Mix ‘n’ Match

I’ve written a bit about my entity-component system in the past, and about how I define entities and their components in my editor using XML markup. My editor defines a hierarchy of entities where the markup of each parent is prepended to one’s own. XML tags typically correspond 1:1 to components, and in the event that an entity and one of its ancestors both provide the same tag, the decision to append vs. overwrite can usually be inferred from context. (In some cases, when either option may be desirable, attributes can be used to make this explicit instead.)

Sample entity hierarchy from Super Win

This served me well enough on Super Win the Game, but as I’ve started thinking seriously about content production for the Gunmetal Arcadia prequel (title to be revealed in Wednesday’s video; stay tuned), I’ve run into a few cases where a strict single-parent hierarchy just doesn’t make a whole lot of sense and has led to some redundant markup bloat.

Consider the case of things that may drop items. Enemies drop items when they die, but environmental things like torches and sconces do too.
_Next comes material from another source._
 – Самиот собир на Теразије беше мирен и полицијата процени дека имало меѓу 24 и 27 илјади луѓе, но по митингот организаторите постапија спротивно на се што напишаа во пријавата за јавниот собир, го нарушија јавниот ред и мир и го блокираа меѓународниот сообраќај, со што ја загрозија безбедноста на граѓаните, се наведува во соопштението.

In order to avoid copying and pasting markup between these, and to ensure we keep them in sync if we decide to change how item drops work, it makes sense to parent each of these abstract entity definitions (enemies and environmental objects) to a base “item dropper” abstract entity definition.
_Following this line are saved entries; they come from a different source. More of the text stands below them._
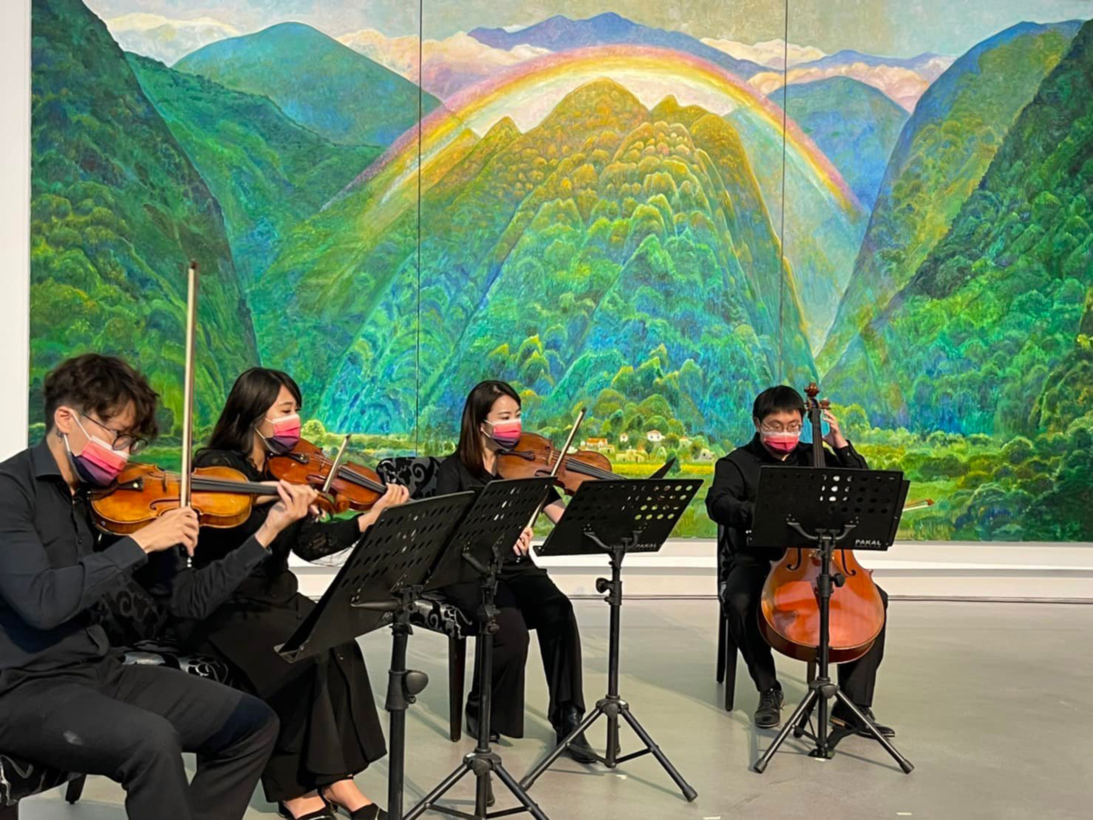 「來自大地的祝福—關鍵典藏捐贈暨企業贊助表揚感恩會」史哲副市長、王文翠局長,以及企業家、藝術家與家屬、美術館之友聯誼會等等共聚一堂,參與表掦感恩盛會。高雄新古典樂團首先作了開幕演出,優美弦律中,拉開序幕。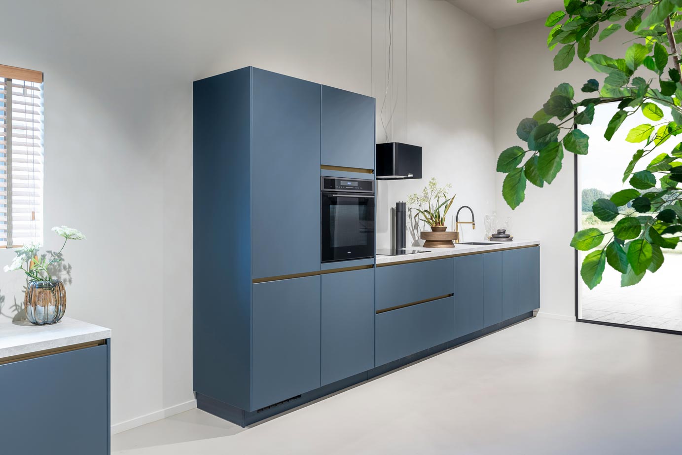 Verrijk je huis met de perfecte mix van stijl en functionaliteit - de moderne blauwe keuken van je dromen. Met hoogwaardige ETNA-apparatuur en een ruime indeling, biedt deze keuken alles wat je nodig hebt om met plezier te koken en te genieten van heerlijke gerechten.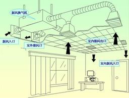 制冷制熱工作原理為:室外新鮮空氣經(jīng)新風口進入空氣處理室,經(jīng)過過濾器清除掉空調中的灰塵,再經(jīng)過表冷器、加熱器等設備的處理,使空氣達到設計要求的溫度和濕度后,由送風機經(jīng)風量控制系統(tǒng)送入風管系統(tǒng)送入消聲裝置降低噪聲后,經(jīng)過各房間風量調節(jié)裝置,由出風口送到各空調房間,吸收了房間里的余熱、余濕后,自回風口經(jīng)風道排出室外。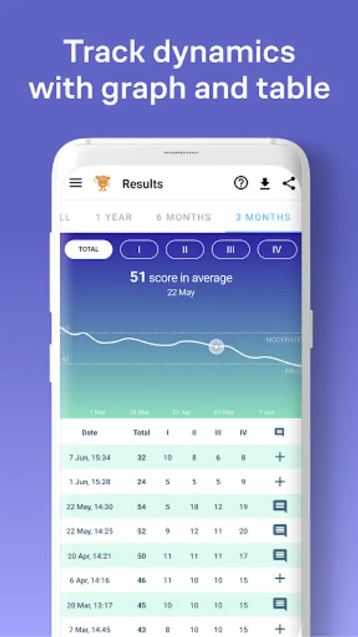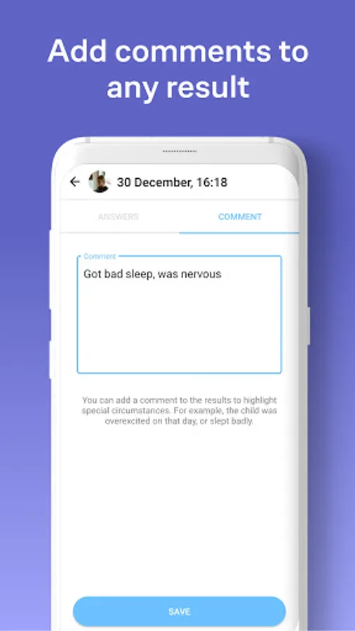 For more correct scores, it is better if different people in contact with the child take the test. For example, if on the same day dad, mom, and specialist in the rehabilitation center give different answers, you will get a different number of points. The application will calculate the average score on that day and show it on the chart.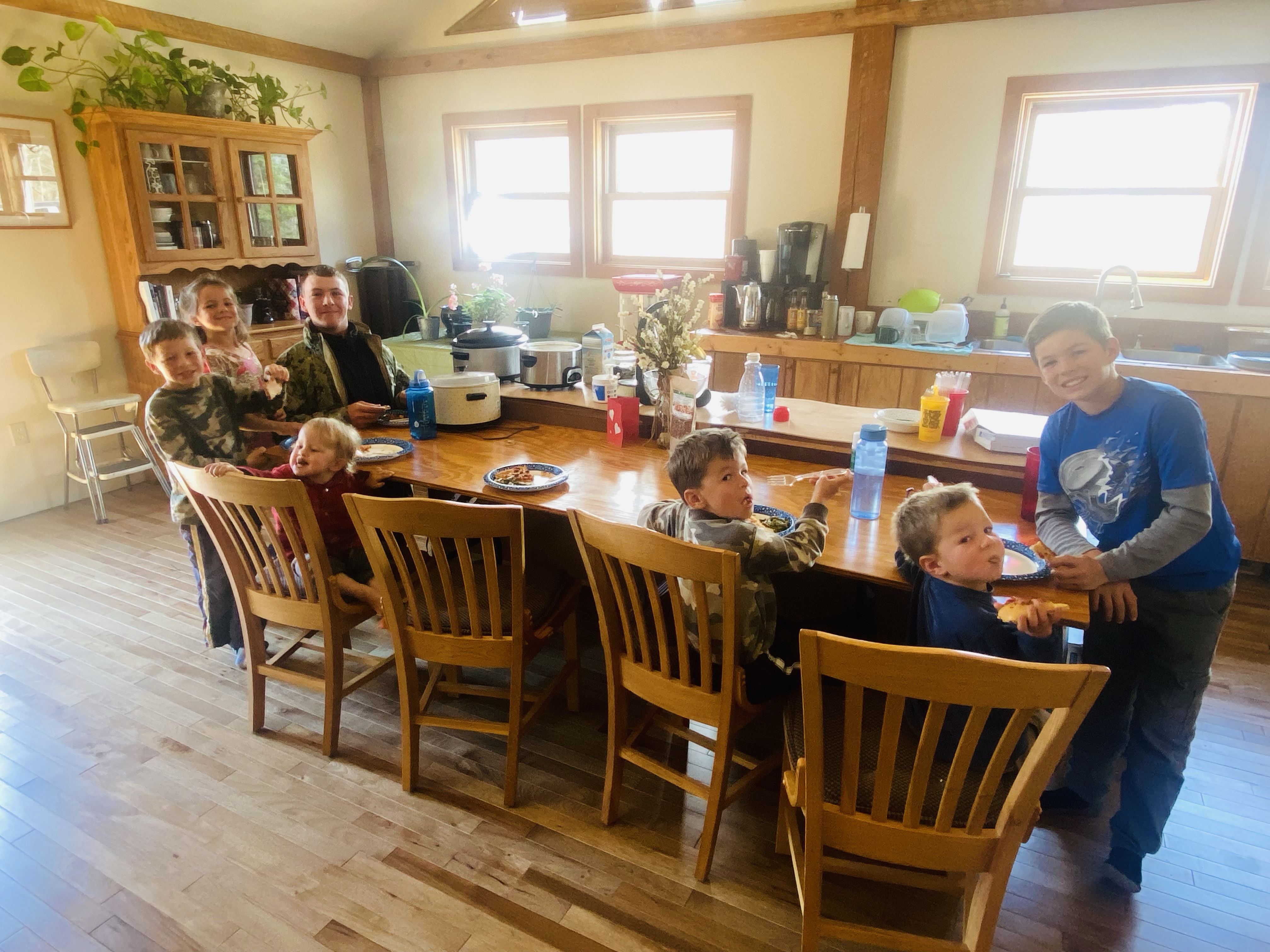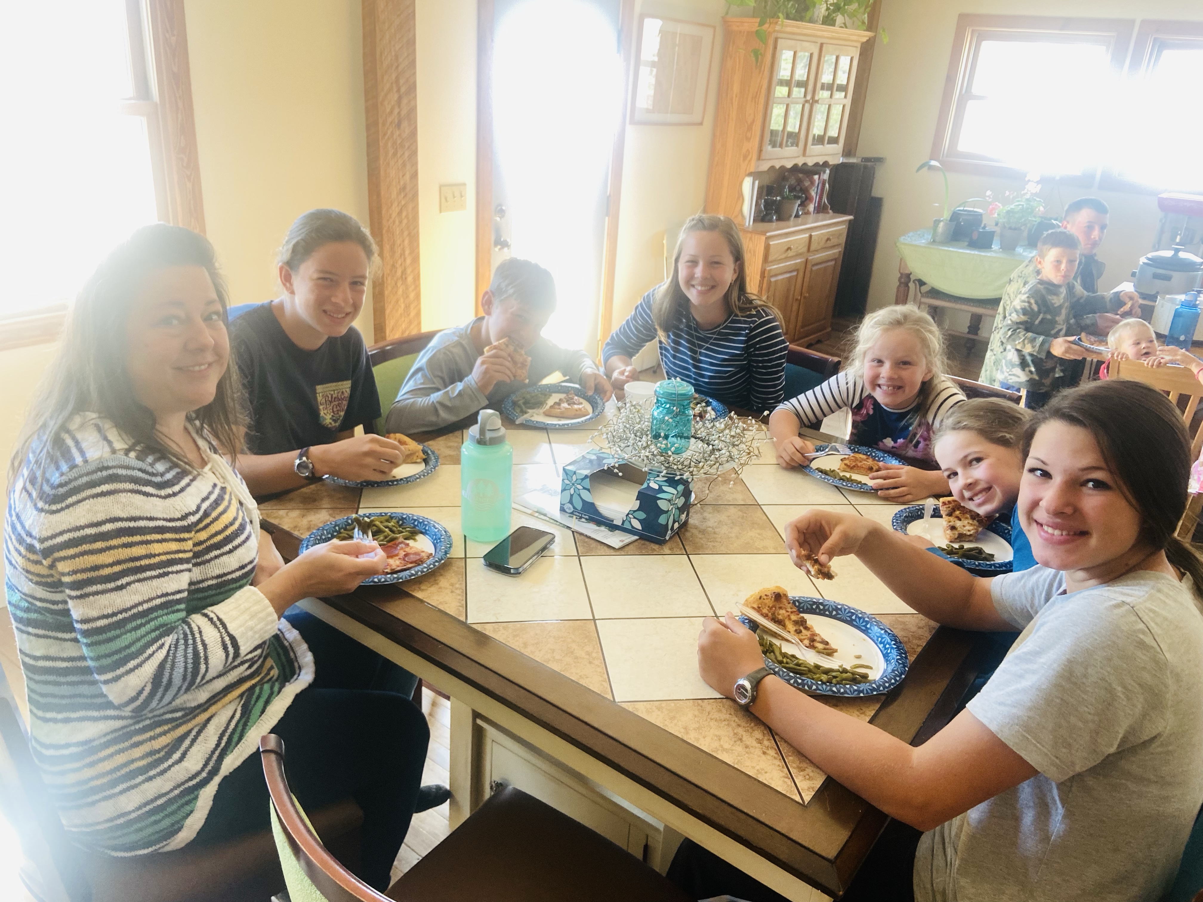 Lydia, Marilla and Sonora got to go with Aunt STEPH to a baby shower! And when they got back, they brought pizza for everyone as a thank you for all the work that got done yesterday. So very thoughtful! Then the kids watched a movie downstairs while the 4 adults visited upstairs. It made for a nice time being inside during the freezing weather!

Proposed consolidation of item drop markup to a parent entity

But this introduces its own problems. What happens, for instance, when we want to generalize the concept of things that have AI between enemies and NPCs? Environmental objects like torches and sconces certainly don’t need AI, so it doesn’t make sense to derive the “item dropper” entity from this “AI driven” entity. But likewise, NPCs can’t die and will never drop items, so it doesn’t make sense to derive the “AI driven” entity from our “item dropper.”

Not a good solution. Why is an item dropper necessarily AI-driven? Environmental objects require no AI.


Also not a good solution. Why is an AI-driven thing also necessarily an item dropper? NPCs will never drop items.

What we really want is to be able to pick and choose from an arbitrary number of parent entities. In this way, we can treat these parents not as a strict hierarchy, but as more of a system of composable interfaces.

A proposal for a better hierarchy. Note that our enemy entity now has two parents.

When I started implementing this, I was thinking about it in terms of multiple inheritance, but that term carries some baggage that doesn’t really apply here. In truth, neither “inheritance” nor “composition” is really an appropriate expression here, as these aren’t classes and don’t provide functions. This is simply a way of prepending associated data to a sheet of XML markup, and for the sake of familiarity, I’m thinking about it in terms of programming concepts.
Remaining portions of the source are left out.